Doch die Bewohner machen ihr Leben mehr und mehr von staatlichen Zuschüssen abhängig. Diese umfassen eine Hilfe zur Finanzierung des Lebensunterhalts und eine jährliche finanzielle Kompensation für die vom Staat beanspruchten Weidegebiete. Allein durch die staatlichen Zuschüsse kann das jährliche Pro-Kopf-Einkommen eines Dorfbewohners 20.000 Yuan, über 2600 Euro, erreichen. Nun aber wächst im Dorf die Sorge: Was, wenn auf 10 Jahre angesetzte staatliche Hilfe ausläuft? Dieses Problem macht auch dem tibetischen Präsidenten im Volkskongress der Gemeinde Tanggula, Wen Changtai, zu schaffen:

"Das heikelste Problem ist, dass es hier im Dorf die nachhaltige Industrie und umsetzbare Maßnahmen für die Entwicklung fehlen.
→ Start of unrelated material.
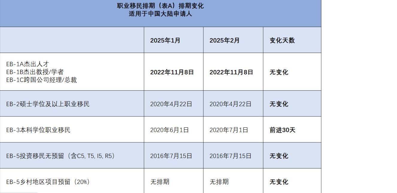 剛剛,美國國務院更新了2025年02月,職業移民中基本沒啥變化,只有 EB3 迎來了小幅前進!好消息是EB-5預留簽證項目繼續無排期...

Die umgesiedelten tibetischen Hirten müssten sich aus eigener Kraft ernähren können. Aber unsere Hilfsprojekte wie eine Fabrik für tibetische Teppiche und ein Zentrum für Steinschnitzerei wurden in vielerlei Hinsicht eingeschränkt, sei es durch mangelnde Aufträge, durch die Produktion und den Absatz, sei es Sprachbarrieren im Beruf."

Vor allem die Umsiedler im Alter zwischen 30 und 40 Jahren sowie über 60 Jahren haben Schwierigkeiten bei der Eingewöhnung: Sie sind in der Bergweide aufgewachsen, sind zum Großteil nicht zur Schule gegangen und verstehen nur vom Tierehalten etwas. Wegen der Sprachbarriere und mangelnder Qualifikationen können sie sich nur schwer in der Stadt einleben.

Die Regierung greift wieder ein: Durch Ausbildungskurse wie beispielsweise in Kochen, Autofahren, Maurern und Tanzen wird versucht, die jungen Dorfbewohner in neue Arbeitsverhältnisse zu vermitteln.

Diese Probleme bereiten Tsering Co scheinbar keinen Kummer. Die 43-jährige Tibeterin ist im Alter von 33 Jahren zusammen mit ihren Eltern hierher umgesiedelt und ist nun Hausfrau. Ihr Mann betreibt neben der Viehzucht auch noch Geschäfte für tibetische Edelsteine und Chinesischen Raupenpilz. Doch ist für Tsering Co das wohlhabende, stressfreie Leben in der Stadt alles? Die Antwort ist nein:

"Im Tanggula-Gebirge leben noch zwei meiner Schwestern und viele andere Verwandte. Ich vermisse das Weidegebiet und meine Tiere sehr. Dort ist es wunderschön."